A method of estimating dissipation rates from a vertically pointing Doppler lidar with high temporal and spatial resolution has been evaluated by comparison with independent measurements derived from a balloon-borne sonic anemometer. This method utilizes the variance of the mean Doppler velocity from a number of sequential samples and requires an estimate of the horizontal wind speed. The noise contribution to the variance can be estimated from the observed signal-to-noise ratio and removed where appropriate. The relative size of the noise variance to the observed variance provides a measure of the confidence in the retrieval. Comparison with in situ dissipation rates derived from the balloon-borne sonic anemometer reveal that this particular Doppler lidar is capable of retrieving dissipation rates over a range of at least three orders of magnitude. This method is most suitable for retrieval of dissipation rates within the convective well-mixed boundary layer where the scales of motion that the Doppler lidar probes remain well within the inertial subrange. Caution must be applied when estimating dissipation rates in more quiescent conditions. For the particular Doppler lidar described here, the selection of suitably short integration times will permit this method to be applicable in such situations but at the expense of accuracy in the Doppler velocity estimates. The two case studies presented here suggest that, with profiles every 4 s, reliable estimates of ϵ can be derived to within at least an order of magnitude throughout almost all of the lowest 2 km and, in the convective boundary layer, to within 50%. Increasing the integration time for individual profiles to 30 s can improve the accuracy substantially but potentially confines retrievals to within the convective boundary layer. Therefore, optimization of certain instrument parameters may be required for specific implementations.
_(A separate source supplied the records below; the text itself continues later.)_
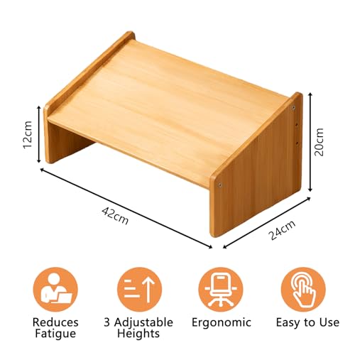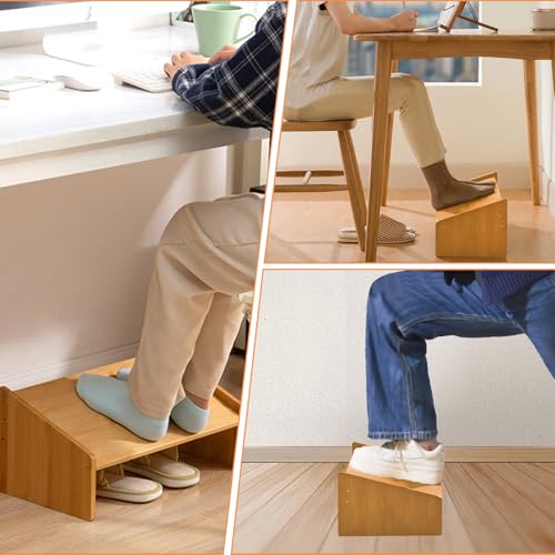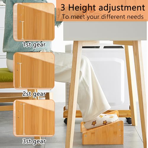 GeluEla - مسند قدم مكتبي قابل للتعديل بتصميم مريح تحت المكتب مع 3 مستويات خشب قابلة للتعديل لتحسين وضعية الجلوس والدورة الدموية مناسب للاستخدام في المنزل أو المكتب أو أثناء السفر
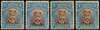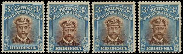 1913-7 3/- Head Die II, perf 14. Four part to large part o.g. examples from Plate 3 State 2, in shades of reddish brown and turquoise-blue. SG 237 group, AH 2
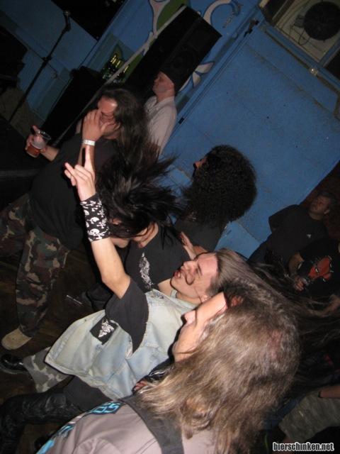 Publikum. Deutlich weniger los hier drinnen als zuvor, aber ein paar Langhaarträger feiern ganz ordentlich. Songauswahl geht in Ordnung. Als besonderes Highlight "South of Heaven" und "Raining Blood" direkt nacheinander verbraten. Herrlich! "The Antichrist", "Disciple", "Silent Scream" und weitere Hits prasseln auf die Meute.
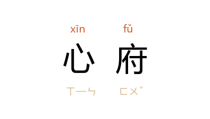 引南朝 梁 慧皎 《高僧传·义解三·道融》:“迄至立年,方解英絶,内外经书,闇游心府。”《隋书·高祖纪下》:“王公卿士,每日闕庭,刺史以下,三时朝集,何尝不罄竭心府,诫勅殷勤。”《再生缘》第六六回:“心府冲融方寸静,暗暗的,前思復想细评章。”丁玲 《在医院中》三:“然而在心府里,三个人同样讨厌着那善于周旋的女人。”

Wind observations above an urban river using a new lidar technique, scintillometry and anemometry

Flow along rivers, an integral part of many cities, might provide a key mechanism for ventilation – which is important for air quality and heat stress. Since the flow varies in space and time around rivers, there is limited utility in point measurements. Ground-based remote sensing offers the opportunity to study 3D flow in locations which are hard to observe. For three months in the winter and spring of 2011, the atmospheric flow above the River Thames in central London was observed using a scanning Doppler lidar, a dual-beam scintillometer and sonic anemometry. First, an inter-comparison showed that lidar-derived mean wind-speed estimates compare almost as well to sonic anemometers (root-mean-square error (rmse) 0.65–0.68 m s–1) as comparisons between sonic anemometers (0.35–0.73 m s–1). Second, the lidar duo-beam scanning strategy provided horizontal transects of wind vectors comparison with scintillometer rmse 1.12–1.63 m s–1) which revealed mean and turbulent flow across the river and surrounds; in particular: chanelling flow along the river and turbulence changes consistent with the roughness changes between built to river environments. The results have important consequences for air quality and dispersion around urban rivers, especially given that many cities have high traffic rates on bankside roads.